Airodump-ng Detection

• Right away, we could utilize the ESSID filter for Airodump-ng to detect Evil-Twin style access points.

sudo airodump-ng -c 4 --essid HTB-Wireless wlan0 -w raw

CH  4 ][ Elapsed: 1 min ][ 2023-07-13 16:06    
 BSSID              PWR RXQ  Beacons    #Data, #/s  CH   MB   ENC CIPHER  AUTH ESSID
 F8:14:FE:4D:E6:F2   -7 100      470      155    0   4   54   OPN              HTB-Wireless
 F8:14:FE:4D:E6:F1   -5  96      682        0    0   4  324   WPA2 CCMP   PSK  HTB-Wireless

• The previous example illustrates how an attacker could create a fake Wi-Fi hotspot with the same name as your network.

• This is often done to set up a malicious portal, where the attacker tries to steal usernames and passwords from unsuspecting users.

• You should also watch out for deauthentication attacks, which might indicate that the attacker is trying to force users onto their fake network.

• To conclusively ascertain whether this is an anomaly or an Airodump-ng error, we can commence our traffic analysis efforts (rogueap.cap).

• To filter for beacon frames, we could use the following.

• (wlan.fc.type == 00) and (wlan.fc.type_subtype == 8)

• Beacon analysis is crucial in differentiating between genuine and fraudulent access points.

• One of the initial places to start is the Robust Security Network (RSN) information.

• This data communicates valuable information to clients about the supported ciphers, among other things.

• Suppose we wish to examine our legitimate access point’s RSN information.

• It would indicate that WPA2 is supported with AES and TKIP with PSK as its authentication mechanism.

• However, when we switch to the illegitimate access point’s RSN information, we may find it conspicuously missing.
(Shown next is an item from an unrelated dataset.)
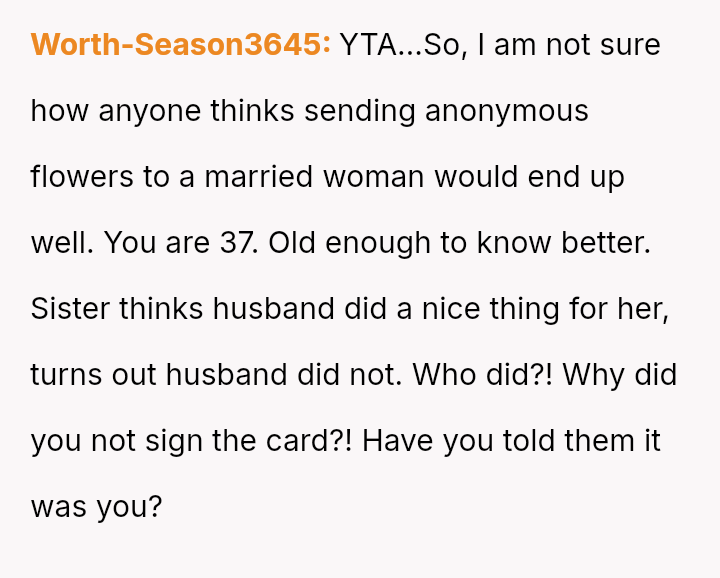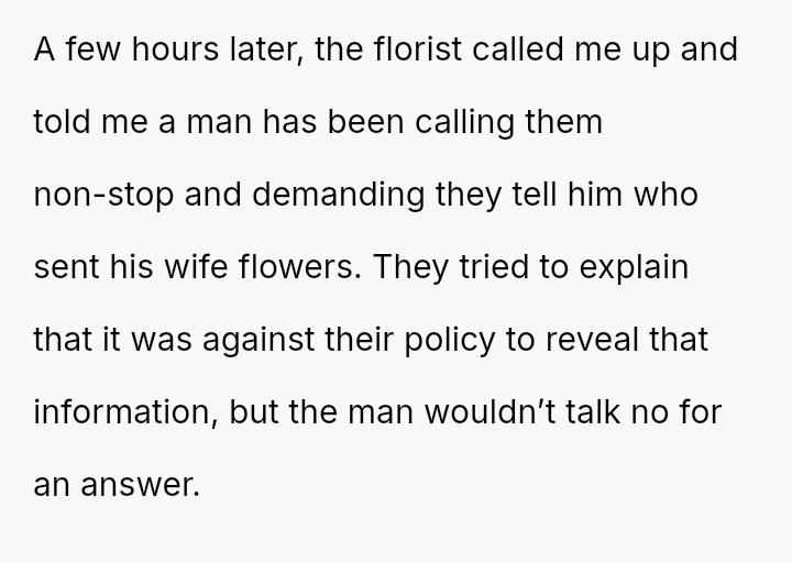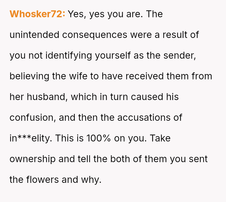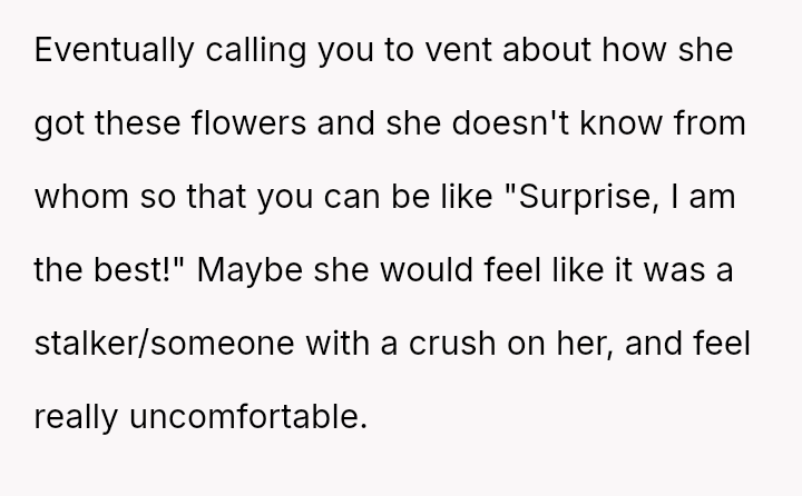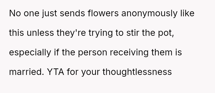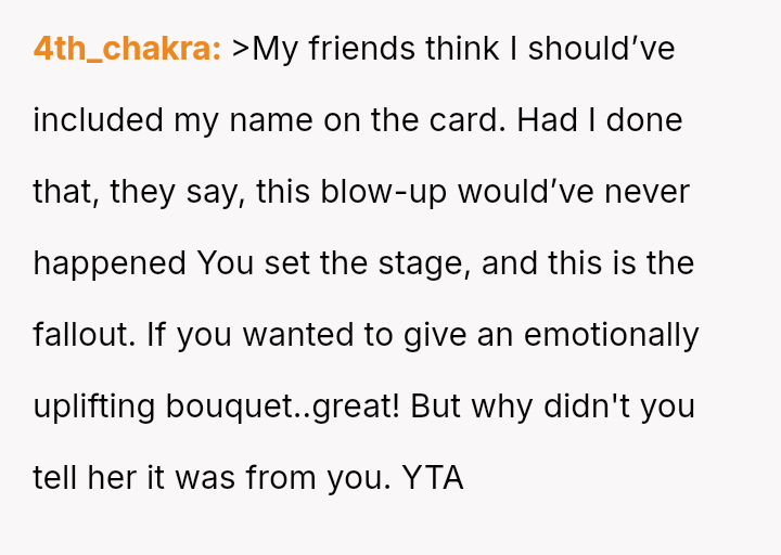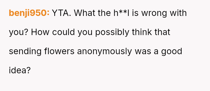 Given the severe fallout, was the decision to send anonymous flowers an appropriate gesture of support, or did the lack of clear identification create an unnecessary risk of misunderstanding and relationship damage?

• Most of the time, a typical evil-twin attack will have this feature.

• However, we should always check other details for differences, especially with more advanced evil-twin attacks.

• For instance, an attacker could use the same encryption method as our access point, making the attack harder to spot.
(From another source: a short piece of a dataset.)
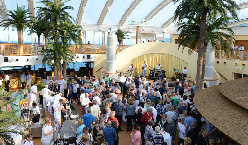 In gleich acht Bars gibt es zu Beginn der Reise sogenannte Welcome-Partys und Begrüßungen. Die größte Party findet unter dem Foliendach im Beachclub auf Deck 15 statt. Hier lässt es sich auch bei kaltem Wetter hervorragend aushalten und eine Spezialfolie sorgt auch bei Regen oder Sturm für echtes Beachfeeling.

• If that happens, we can look at other parts of the beacon frame, like vendor-specific information, which the attacker’s access point probably won’t have.

Finding a Fallen User

• Despite comprehensive security awareness training, some users may fall prey to attacks like these.
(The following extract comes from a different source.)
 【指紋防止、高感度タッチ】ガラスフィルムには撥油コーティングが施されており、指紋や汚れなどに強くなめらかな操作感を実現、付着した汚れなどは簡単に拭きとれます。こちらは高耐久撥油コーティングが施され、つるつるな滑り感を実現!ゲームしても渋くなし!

• Fortunately, in the case of open network style evil-twin attacks, we can view most higher-level traffic in an unencrypted format.

• To filter exclusively for the evil-twin access point, we would employ the following filter.

• (wlan.bssid == F8:14:FE:4D:E6:F2)

• If we see ARP requests coming from a client device on the suspicious network, it could mean the device is compromised.

• If this happens, we should save information about the device to help us respond to the incident.

  1. Its MAC address
  2. Its host name

• Consequently, we might be able to instigate password resets and other reactive measures to prevent further infringement of our environment.

Finding Rogue Access Points

• On the other hand, detecting rogue access points can often be a simple task of checking our network device lists.
• In the case of hotspot-based rogue access points (such as Windows hotspots), we might scrutinize wireless networks in our immediate vicinity.
• If we encounter an unrecognizable wireless network with a strong signal, particularly if it lacks encryption, this could indicate that a user has established a rogue access point to navigate around our perimeter controls.